【テレビ】NHK ネット常時同時配信へ 若年層を中心としたテレビ離れ、ネット動画配信サービス普及が背景

NHKがテレビ番組をインターネットで常時同時配信することを認める改正放送法が成立した。NHKは来年3月までの開始に向け準備を急ぐ考えだが、背景には若年層を中心としたテレビ離れと、ネットを通じた動画配信の急速な普及がある。視聴者の利便性は増す一方で、民放からはNHKのさらなる肥大化を懸念する声が強い。受信料制度の在り方が変わっていく可能性もある。 (原田晋也)

 同時配信はこれまで、災害報道や大型スポーツ中継などに限って認められていたが、法改正により放映中の地上波総合とEテレの全番組が、パソコンやスマートフォンなどで見られるようになる。

 近年、若い世代はネットの利用時間がテレビの視聴時間を上回っており、ネットフリックスなど海外の動画配信サービスの展開が拍車をかける。来年には高速で大容量の次世代通信規格「5G」の本格的運用が始まり、動画配信の加速はさらに進むとみられる。こうした状況で「公共放送」から、ネットも含めた「公共メディア」への転換を掲げるNHKにとって、常時同時配信は念願だった。

 NHKは来年三月、東京五輪聖火リレーのスタートまでに同時配信を始める意向だ。受信料を払っている人には追加負担はなく、払っていない人が見ようとすると、受信契約を促すメッセージが出て視聴を妨げる仕組みになるという。

 しかし、同時配信を急ぐNHKに対し、民放からは「民業圧迫だ」との懸念が続いている。同時配信には巨額の設備投資が必要で、民放側は採算性が悪いことや、特に経営基盤が弱い地方局への影響などを理由に反発を強めている。

 民放連はNHKがネット事業に使える費用の上限を「受信料収入の2・5%」に収めるよう求めるなど、けん制。日本テレビの大久保好男社長は五月二十七日の定例会見で「配信業務の事業費が無制限に拡大すれば、NHKの肥大化につながる」とくぎを刺した。受信料収入が初めて七千億円を超えた二〇一八年度で計算すれば、2・5%は百七十八億円。番組のネット配信サービス「Paravi(パラビ)」に共同出資しているテレビ東京の小孫茂社長は同月三十日の定例会見で「2・5%といってもすごい金額。私どもと比べると事業費が一桁違う」と指摘した。

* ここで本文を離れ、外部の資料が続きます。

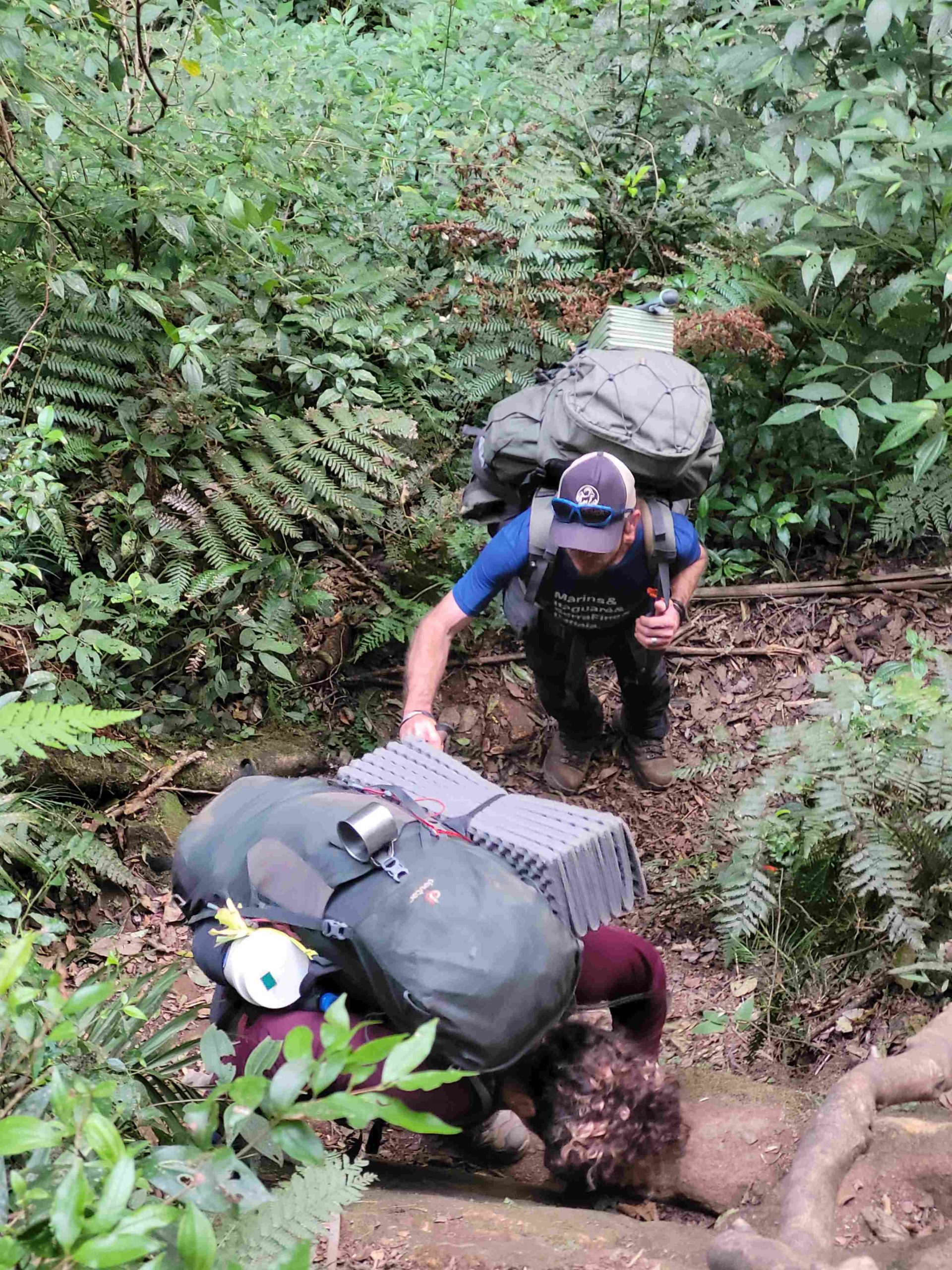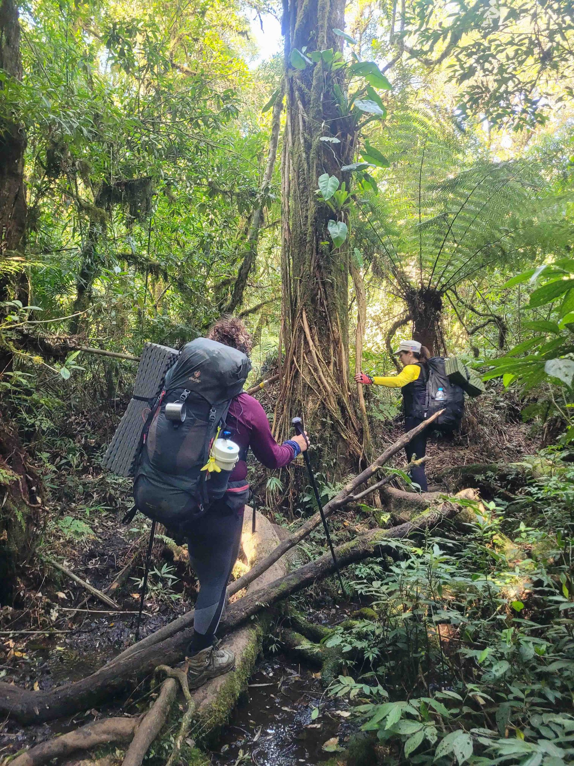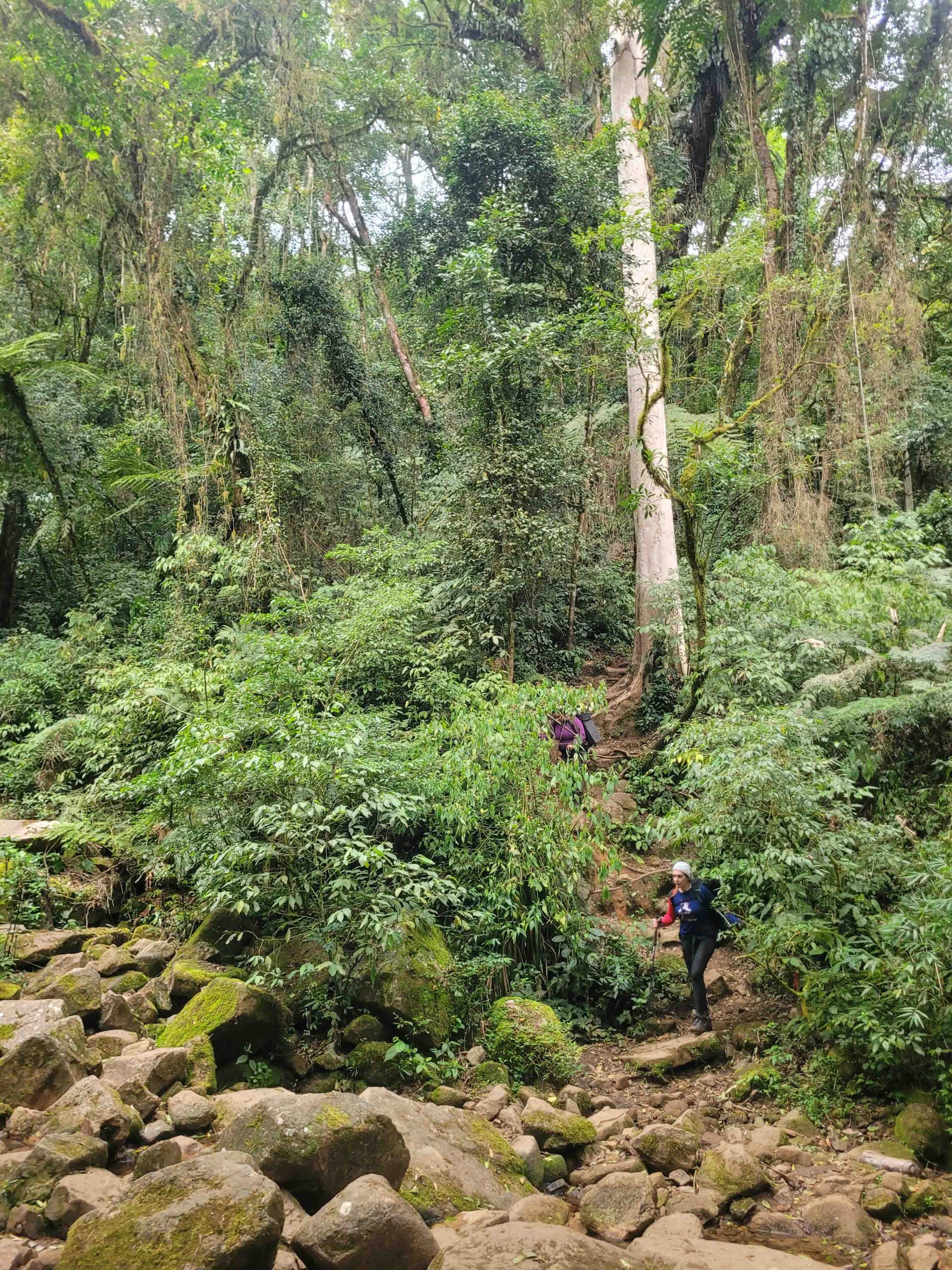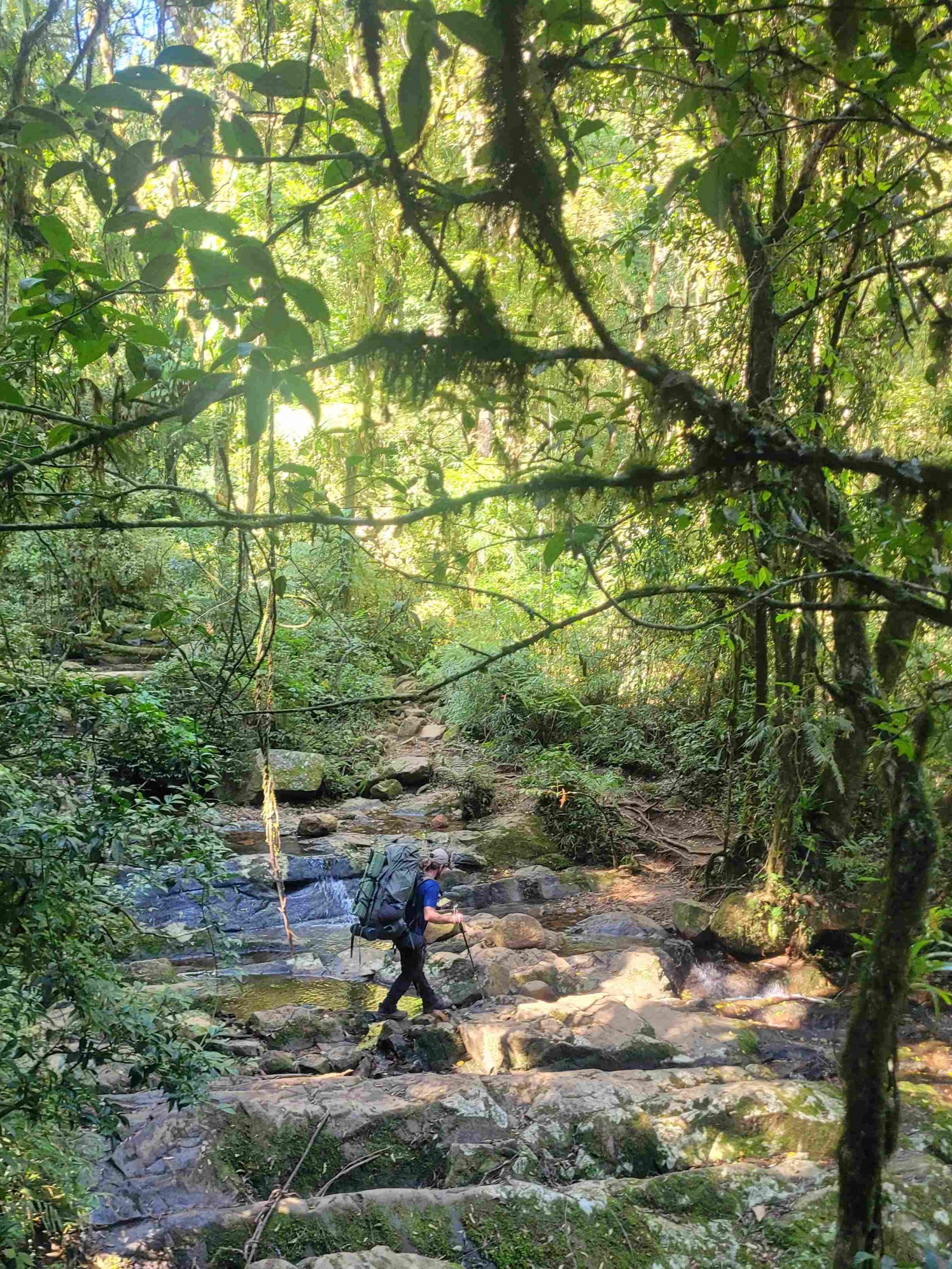 A trilha mesmo exigente do começo ao fim, revela uma riqueza imensurável de mata atlântica densa e trechos cruzando rios e passando por pequenas cachoeiras, o que facilita muito em nossa logística de água!

 その一方で、常時同時配信が始まることが決まった以上、対抗の動きも模索している。小孫社長は「NHKの常時同時配信は議論が具体的になって進んでいく一つのきっかけになるだろう」と話した。

◆問われる受信料制度

 常時同時配信は受信料の体系にも影響を与える可能性がある。常時同時配信を進める根拠の一つは、諸外国で導入が進んでいること。国立国会図書館の調査によると、英国、ドイツ、フランス、韓国の公共放送は既に実施している。各国ともネットでの動画配信サービスを展開しており、英BBCは見逃し番組を見るサービスを利用するだけでも受信料の徴収対象となる。

 ドイツでは当初、テレビごとに受信料を課していたが、ネットでのサービスが拡大してきたことから〇七年にネットに接続できるパソコンなども徴収対象に加えた。さらにスマホの普及が進み、徴収根拠に説得力がなくなってきたこともあり、受信機器の有無に関わらず全ての世帯と事業所から「放送負担金」を徴収する制度が一三年から始まった。

 今後、テレビを所有せず、パソコンやスマホしか持たない人がさらに増加することが予想される。NHKの上田良一会長は六日の定例会見で「将来的に視聴習慣の変化は十分ある。その際、受信料制度のあり方は研究が必要な課題だと考えている」と言及。ネット時代の公共放送のあり方について議論が深まる可能性はありそうだ。